● Directions for this task: Exact transcription of the data below is required, without the images.

● Data provided:
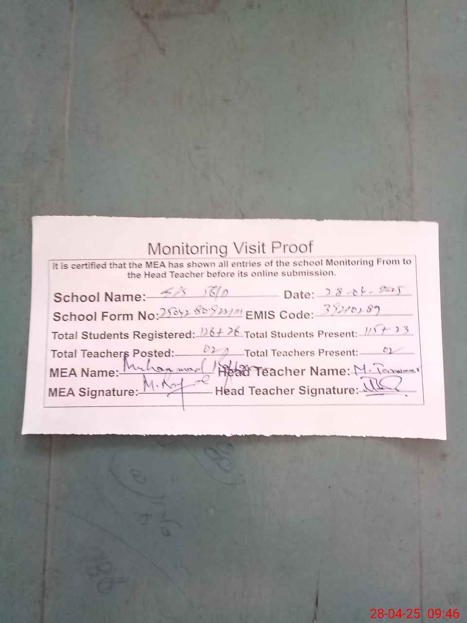 | Attendance Register | Head Teacher | MEA with School | Visit Proof |
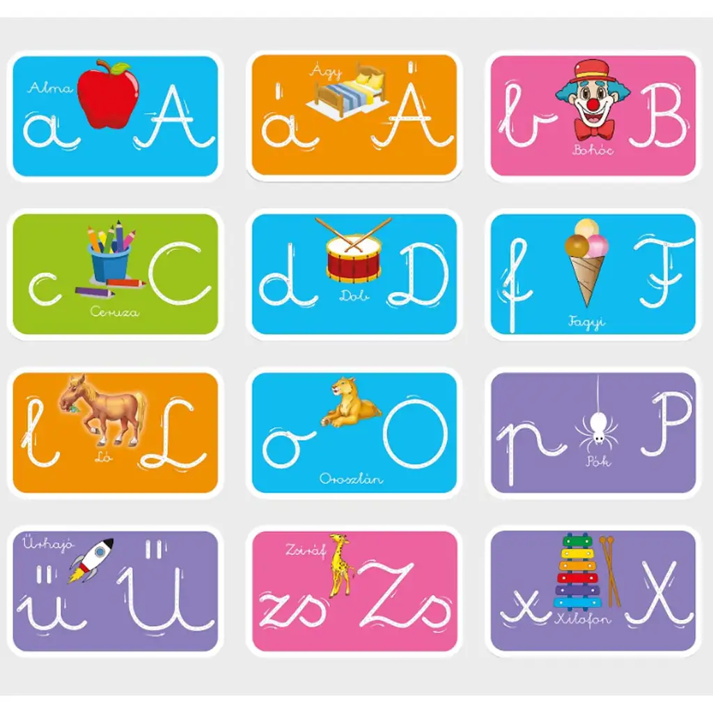 Balíček obsahuje 12 oboustranných, stíratelných karet, které děti seznamují s písmeny maďarské abecedy. Kromě procvičování velkých a malých písmen je na každé kartě veselá ilustrace a související slovo, například „A“ jako jablko, „B“ jako klaun nebo „Zs“ jako žirafa. Přiložený stíratelný fix umožňuje dítěti opakovaně procvičovat psaní písmen, takže sada je dlouhodobě použitelná.
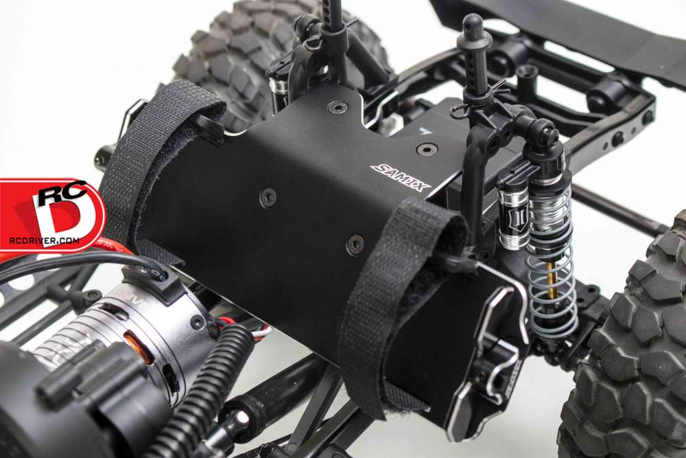 The final goodie I received from SAMIX was their Forward Battery Tray Kit. This kit moved the battery toward the front of the chassis right behind the front wheels for excellent weight distribution and to help the front tires dig in and improve climbing. Additionally, tray just fit in the middle of the front shock plate and can make front shock plate more stiffener. Because of the location of the battery tray I had to locate my receiver box to the back of the chassis, a fairly simple task.

● Solution below:
 | Attendance Register | Head Teacher | MEA with School | Visit Proof |
 Balíček obsahuje 12 oboustranných, stíratelných karet, které děti seznamují s písmeny maďarské abecedy. Kromě procvičování velkých a malých písmen je na každé kartě veselá ilustrace a související slovo, například „A“ jako jablko, „B“ jako klaun nebo „Zs“ jako žirafa. Přiložený stíratelný fix umožňuje dítěti opakovaně procvičovat psaní písmen, takže sada je dlouhodobě použitelná.
 The final goodie I received from SAMIX was their Forward Battery Tray Kit. This kit moved the battery toward the front of the chassis right behind the front wheels for excellent weight distribution and to help the front tires dig in and improve climbing. Additionally, tray just fit in the middle of the front shock plate and can make front shock plate more stiffener. Because of the location of the battery tray I had to locate my receiver box to the back of the chassis, a fairly simple task.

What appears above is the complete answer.